Nurses in countries that cannot afford expensive equipment or drugs, where hospitals are rundown and impoverished, may envy the US nurse and see the specialty of IV nursing as a luxury, rather than a necessity. The articles in this international issue of the Journal of Intravenous Nursing should persuade them otherwise.

 

This issue also may help us all to see that nurses have more in common worldwide than appearances suggest. For example, hospital care in poor countries is mainly for the rich or for city dwellers, but developed countries are now recognizing that hospital care should be the last resort. Infusion therapy is increasingly given in a community clinic or at home, as patients who need regular infusion therapy or their caregivers learn how to administer it themselves, ensuring that the time, the place, and the therapy are tuned to their individual needs.

 

This requires nurses to take on the role of teacher, sharing their expertise with the patient and caregiver using the skills of communication, empathy, and empowerment. At the same time they must keep abreast of all relevant developments in equipment, medications, and techniques.

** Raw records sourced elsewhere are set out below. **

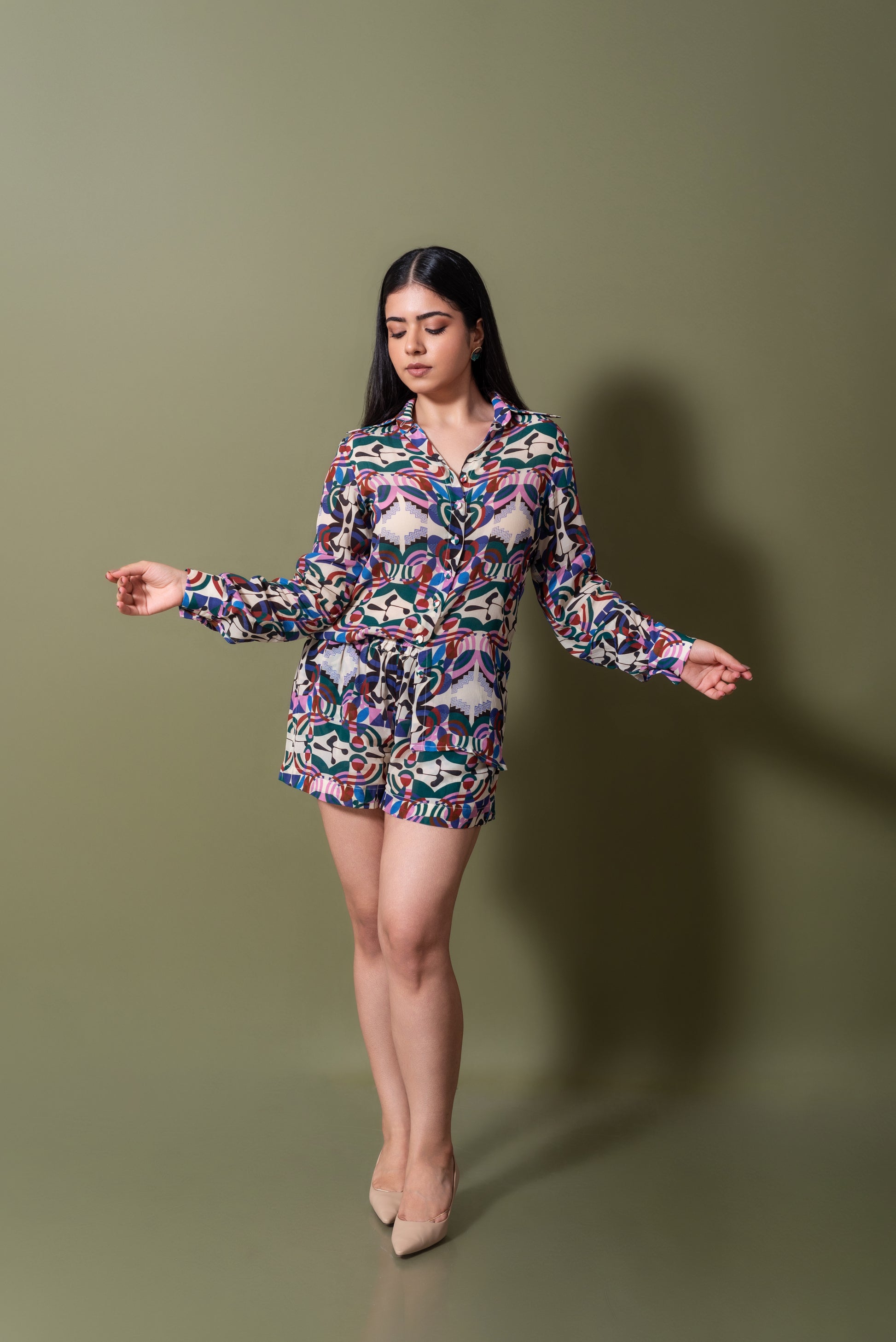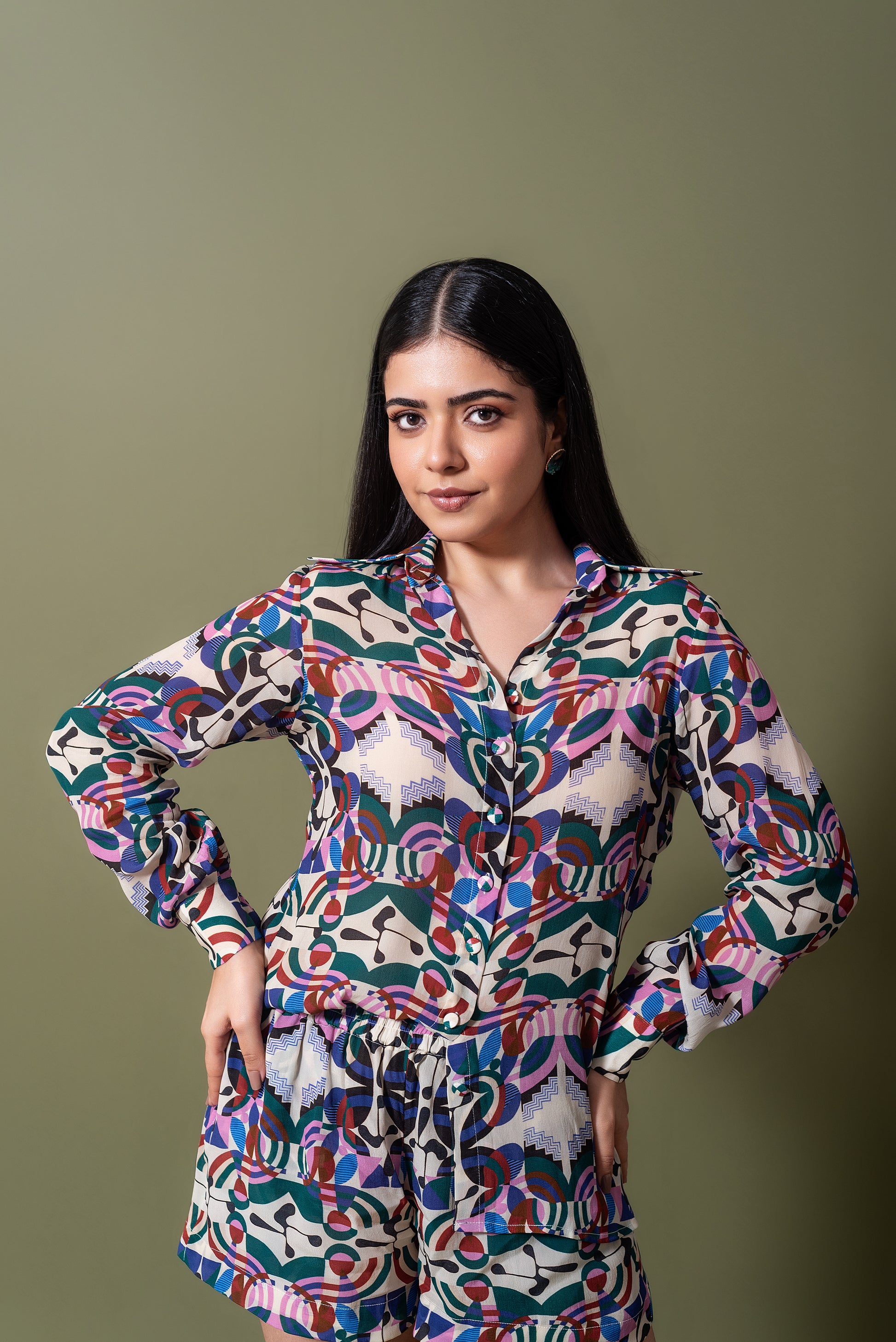 This bemberg crepe cord set adds a bold and geometric print to your wardrobe, perfect for day to night wear. The bemberg crepe material provides a luxurious feel, while the off-white color adds a touch of elegance. Elevate your style with this versatile and chic ensemble.
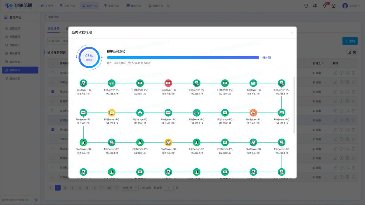 通过自定义巡检策略,对IT设备的运行情况进行统计和报表生成,并可自定义预设时间向指定邮箱发送巡检结果报表,实现对设备的定期检查,把握网络运行中的易出现问题的环节,做到预防为先。
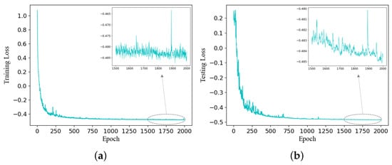 It is evident that both training and testing losses experienced a substantial decline within the initial 250 epochs. However, during the subsequent phases, the rate of decline decelerated. The enlarged images provide further insight, indicating occasional fluctuations in the middle epochs; nevertheless, the overarching trend remains downward, reassuringly indicating an absence of overfitting within this specified range. Despite these positive observations, we opted for a training epoch limit of 2000, considering the pragmatic constraint of time.

Professional links are invaluable in this endless process of lifelong learning, and we can learn from each other on a global basis. The issues with which nurses in all countries grapple are universal, such as how to choose the best equipment for each individual patient, what in-service training is effective, and how to ensure correct procedures are taught and followed.

 

The role of the nurse in Russia may seem light years away from his or her counterpart in Turkey, Australia, or the United Kingdom. But beyond the differences of language, culture, and uniform, our visions, values, and aspirations are remarkably similar-like the principles of good nursing. Not everything you will read about in this issue meets the INS Standards of Practice to which all nurses practicing infusion therapy should aspire. However, the authors are committed to achieving the best possible care, and by sharing their experience, they encourage us to reflect on our own practice. They help to raise the status of the profession, especially in countries where the nurse is still seen as a mere medical assistant. And they remind us that we are all members of a global nursing community that exchanges information and support to help heal patients and encourage nurses worldwide.